He also plans to create more jobs in the country, so that working abroad will be “a choice rather than a necessity.” But when citizens choose to work overseas, their rights will still be protected, he said.

According to Alvin Ang, director of the UST Research Cluster for Cultural, Educational and Social Issues, one of the worst problems in the country today is failure to create quality jobs resulting in the growing number of Filipino workers abroad.

“There is not much ‘quality’ jobs available here in the country.
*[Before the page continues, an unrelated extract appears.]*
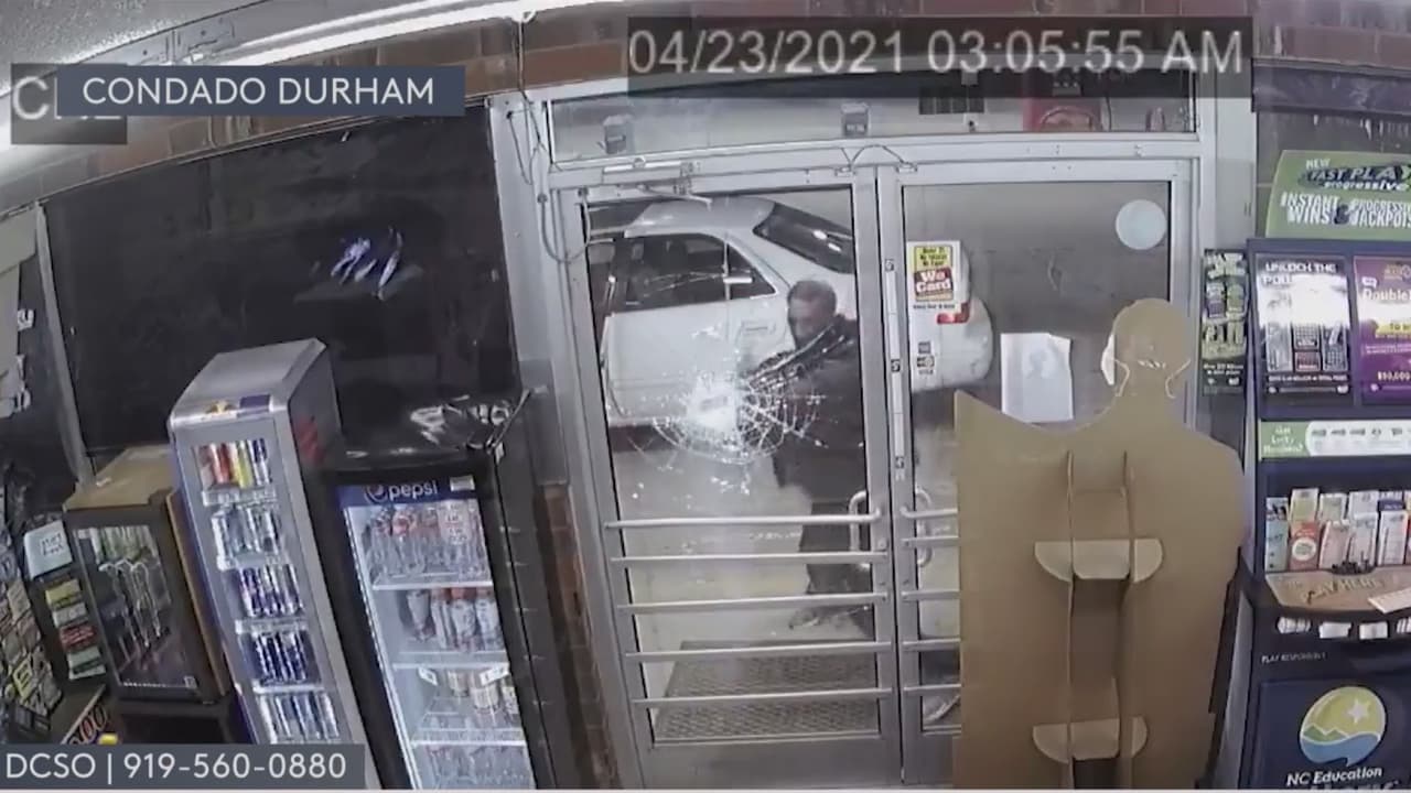 El sujeto rompió la puerta de vidrio de una gasolinera para luego llevarse la caja registradora y el dinero en efectivo en su interior. La Policía de Durham pide ayuda para identificar al ladrón.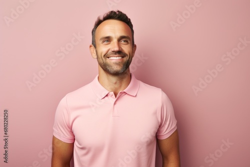 Portrait of a satisfied man in his 30s wearing a sporty polo shirt against a solid pastel color wall. AI Generation

There is also a huge mismatch between what firms want and what schools offer,” he said.

If Aquino fails to address that, people will choose to work abroad instead, he said.

Faculty of Arts and Letters political science professor Zenia Rodriguez echoed Ang, saying that Aquino must be able to provide jobs so that the country will not lose competent students after their graduation.

Ang said that while Aquino plans to the sustain economy’s growth at 7.3 percent in the first quarter of the year, he must also consider the “external environment.”

“Euro (currency) is facing crisis and [the United States of] America is still recovering. Our economy is a part of the global market so the sustainability [of the economy] hinges on some external factors,” Ang said.

Environmental protection is also included in Aquino’s main concerns, saying he will plan alternative urban development programs and encourage sustainable use of resources.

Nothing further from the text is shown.